Start of Block

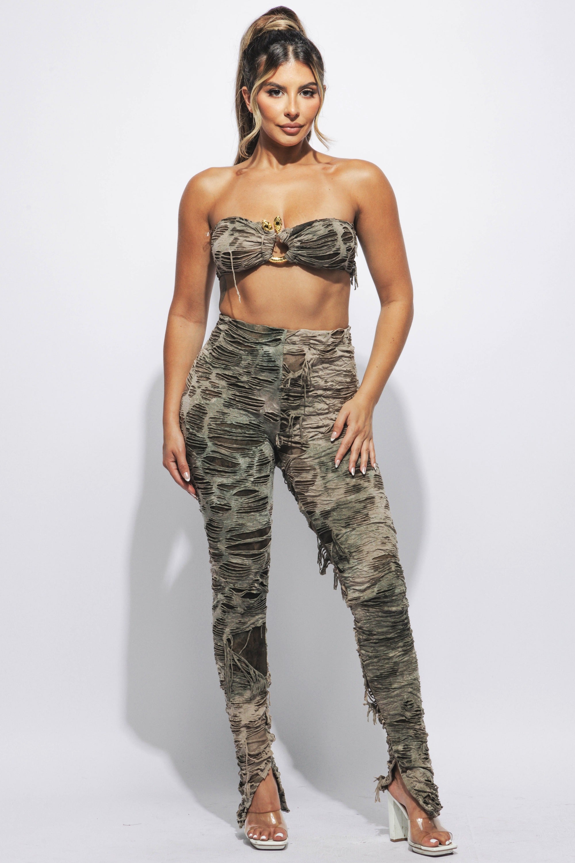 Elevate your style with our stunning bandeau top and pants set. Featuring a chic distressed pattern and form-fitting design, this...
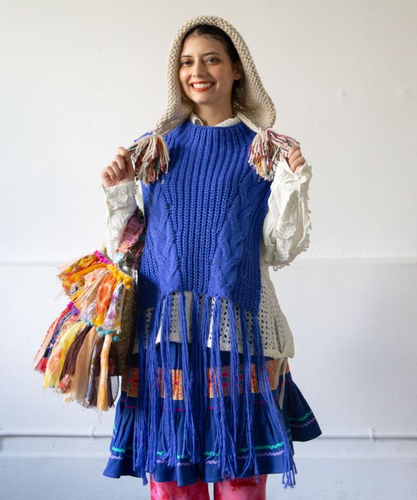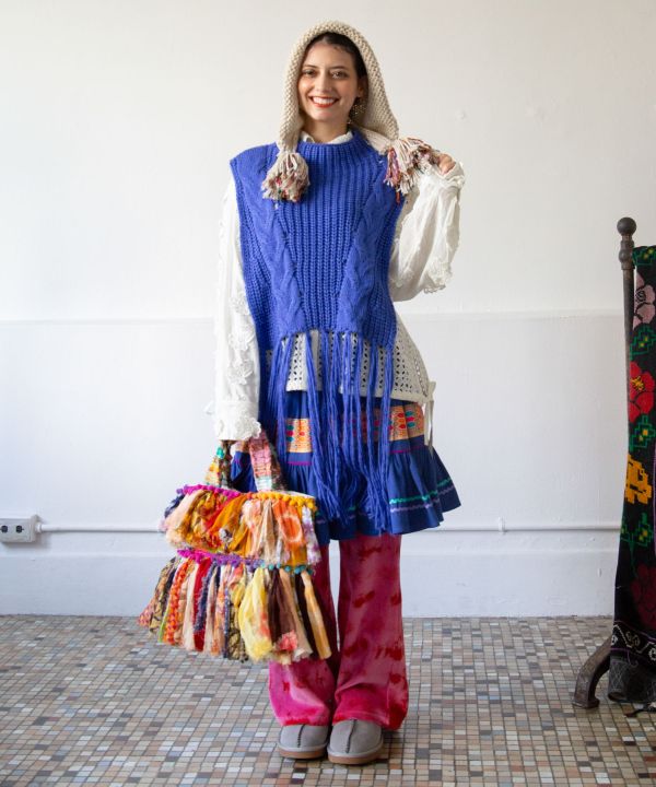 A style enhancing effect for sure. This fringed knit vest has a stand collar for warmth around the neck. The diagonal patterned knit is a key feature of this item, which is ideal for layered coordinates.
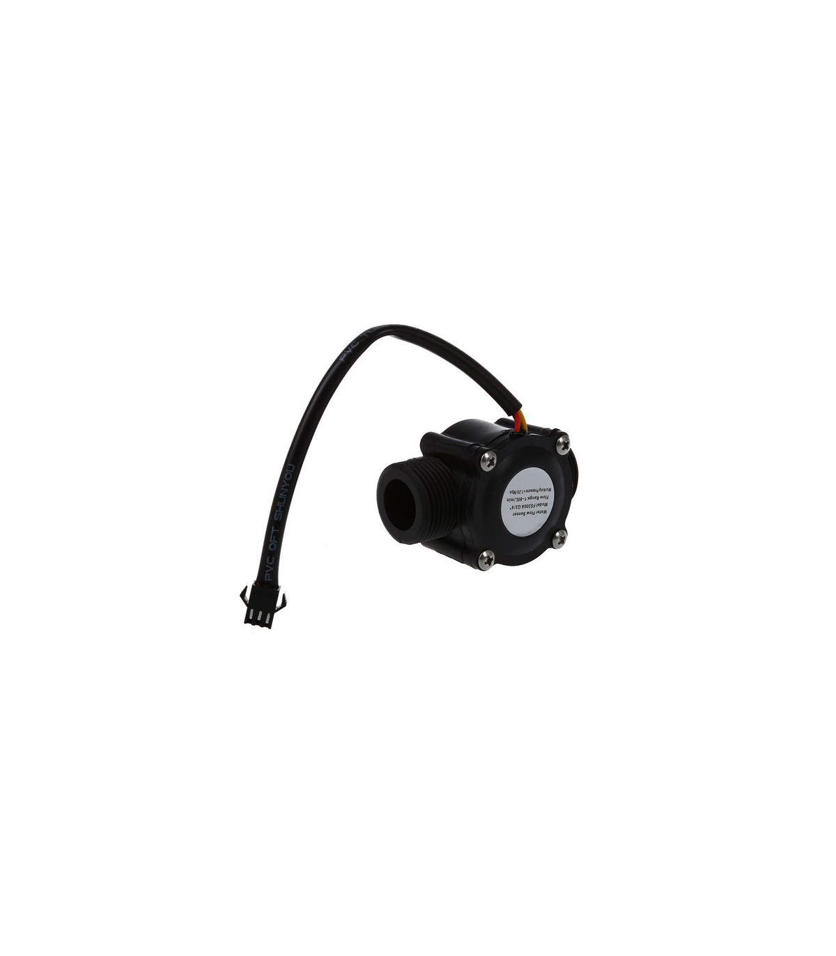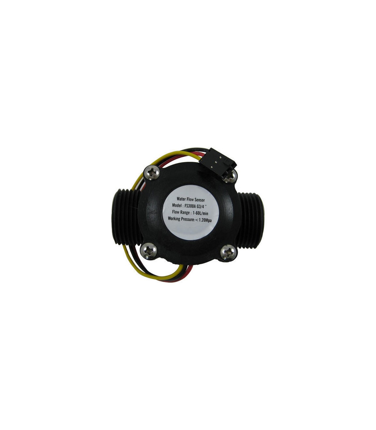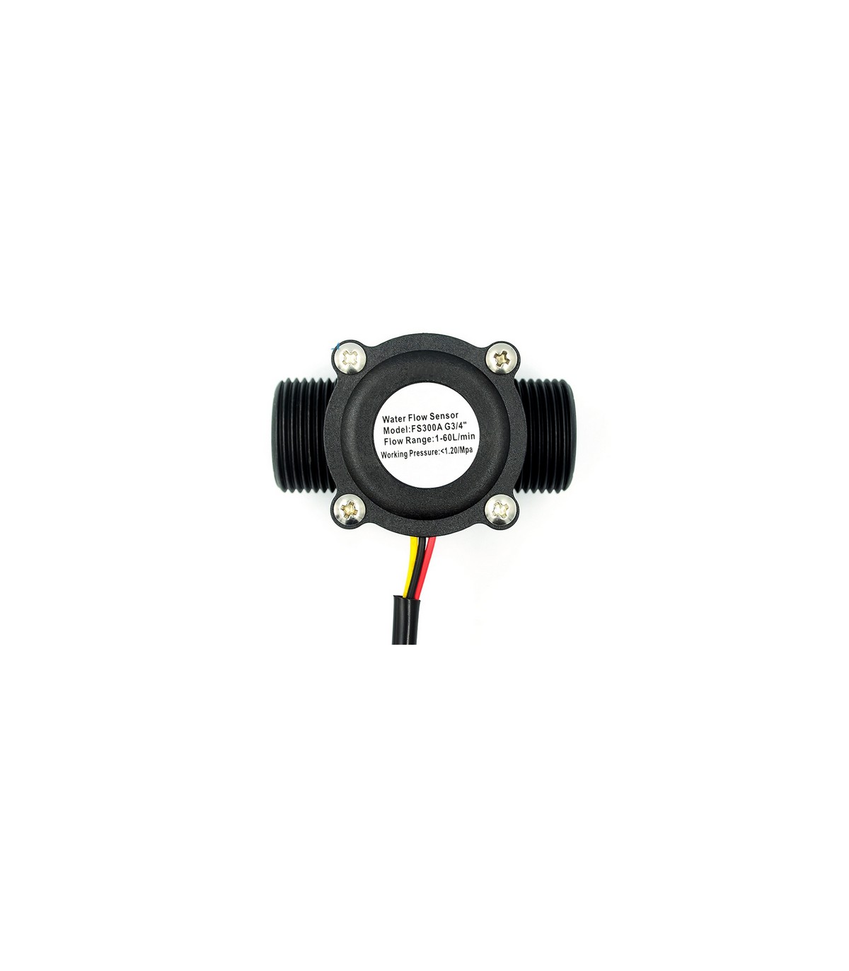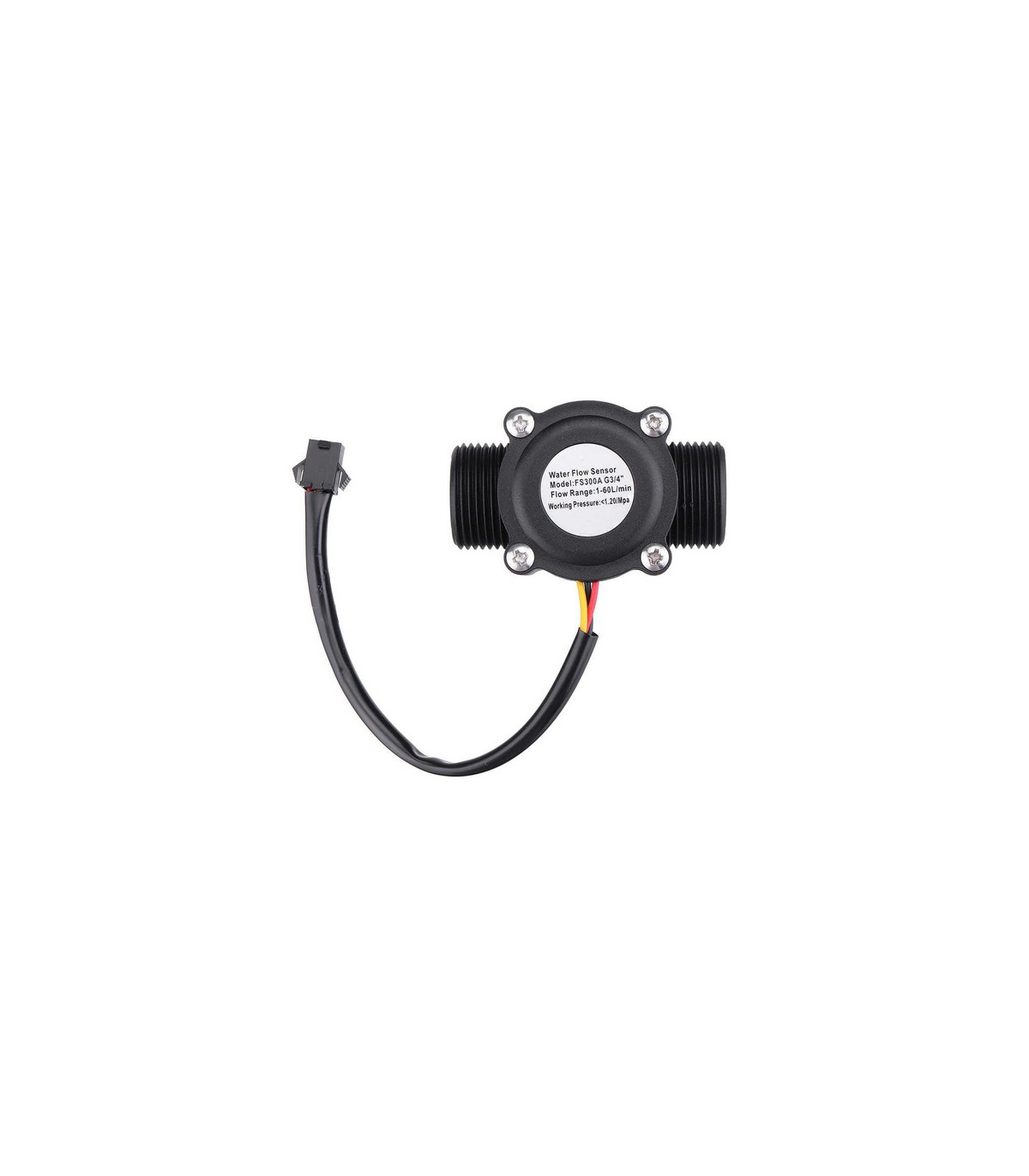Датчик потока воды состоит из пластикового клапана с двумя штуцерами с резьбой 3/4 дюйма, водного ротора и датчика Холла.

End of Block

### Exercise description:
Where the line containing "A style enhancing" appears in the data above, begin there and output every line through the last, exactly and without pictures.

### Response area:
 A style enhancing effect for sure. This fringed knit vest has a stand collar for warmth around the neck. The diagonal patterned knit is a key feature of this item, which is ideal for layered coordinates.
Датчик потока воды состоит из пластикового клапана с двумя штуцерами с резьбой 3/4 дюйма, водного ротора и датчика Холла.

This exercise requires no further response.